7.      Recurso de anulação — Acórdão de anulação — Alcance — Anulação parcial de um ato do direito da União — Anulação parcial de uma decisão da Comissão que qualifica diferentes comportamentos anticoncorrenciais de infração única e continuada e aplica uma coima — Caracterização insuficiente do objeto restritivo da concorrência dos contactos — Insuficiência dos elementos que permitem imputar à empresa determinados comportamentos — Inexistência de impacto na legalidade da constatação da infração

(Artigos 101.° e 264.°, primeiro parágrafo, TFUE; Acordo EEE, artigo 53.°)

(cf. n.os 294‑296)

8.      Concorrência — Coimas — Decisão que aplica coimas — Dever de fundamentação — Alcance — Possibilidade de a Comissão se afastar das Orientações para o cálculo das coimas — Exigências de fundamentação ainda mais estritas

(Artigos 101.°, n.° 1, e 296.°, segundo parágrafo, TFUE; Acordo EEE, artigo 53.°; Regulamento n.° 1/2003 do Conselho, artigo 23.°, n.° 2; Comunicação 2006/C 210/02 da Comissão, ponto 37)

(cf. n.os 338‑341, 344‑353)

9.      Concorrência — Coimas — Montante — Determinação — Fixação do montante de base — Não aplicação da metodologia prevista nas Orientações — Admissibilidade — Requisitos — Valor de substituição que resulta das receitas em numerário afetadas por um fator de redução — Insuficiência de fundamentação relativa à determinação do fator de redução

(Artigo 101.°, n.° 1, TFUE; Acordo EEE, artigo 53.°; Regulamento n.° 1/2003 do Conselho, artigo 23.°, n.° 2; Comunicação 2006/C 210/02 da Comissão, pontos 13 e 37)

(cf. n.os 318‑328, 332‑334)

Resumo

No seu Acórdão HSBC Holdings e o./Comissão (T‑105/17), proferido em 24 de setembro de 2019, o Tribunal Geral anulou parcialmente a decisão da Comissão que declarou que a HSBC Holdings e outras empresas ativas no mercado dos produtos derivados de taxas de juro em euros (Euro Interest Rate Derivative, a seguir «EIRD») tinham violado o artigo 101.° TFUE e o artigo 53.° do Acordo relativo ao Espaço Económico Europeu (EEE) por terem participado numa infração única e continuada (1).

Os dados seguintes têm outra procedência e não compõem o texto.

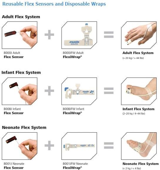 Plastry typu FlexiWrap do mocowania pulsoksymetru firmy Nonin 8000JFW. Dostępne warianty NONIN 4097-000 - Plastry FlexiWrap do sensora 8000JFW dla dorosłych (op. 25 szt.), NONIN 8008JFW - Plastry FlexiWrap do sensora 8008JFW dla niemowląt (op. 25 szt.), NONIN 8001JFW - Plastry FlexiWrap do sensora 8001JFW dla noworodków (op. 25 szt.).

Segundo a Comissão, esta infração era composta por um conjunto de acordos e/ou de práticas concertadas que consistia em trocas entre os seus traders respeitantes, primeiro, à manipulação das comunicações à Euribor, segundo, a posições de trading no que respeita aos EIRD e, terceiro, a informações detalhadas não acessíveis ao público sobre as suas intenções e estratégia em matéria de preços dos EIRD. A Comissão aplicou‑lhes por conseguinte uma coima.

As recorrentes interpuseram no Tribunal Geral um recurso ao abrigo do artigo 263.° TFUE em que pediram, a título principal, a anulação parcial da decisão impugnada e, a título subsidiário, o recálculo do montante da coima.

O Tribunal começou por examinar a quantificação da restrição pelo objeto aplicada às diferentes categorias de comportamentos denunciados pela Comissão. Salientou, em primeiro lugar, que o raciocínio da Comissão não contém nenhum erro de direito ou de apreciação no que respeita aos comportamentos relacionados com a manipulação das comunicações à Euribor. É válida a mesma conclusão, em segundo lugar, para as trocas relacionadas com as intenções e estratégia em matéria de preços dos EIRD.

Em contrapartida, o Tribunal salientou, em terceiro lugar, que certas discussões no decurso das quais os traders trocaram informações sobre as suas posições de trading não dispunham do objeto restritivo da concorrência admitido pela Comissão, uma vez que tais discussões não tinham atenuado ou suprimido o grau de incerteza no mercado de tal forma que a Comissão daqui podia deduzir que resultava um impacto no curso normal das componentes dos preços no setor dos EIRD, sem ter de examinar os seus efeitos. Por conseguinte, o Tribunal considerou que a decisão impugnada está viciada de um erro de direito quanto a este ponto.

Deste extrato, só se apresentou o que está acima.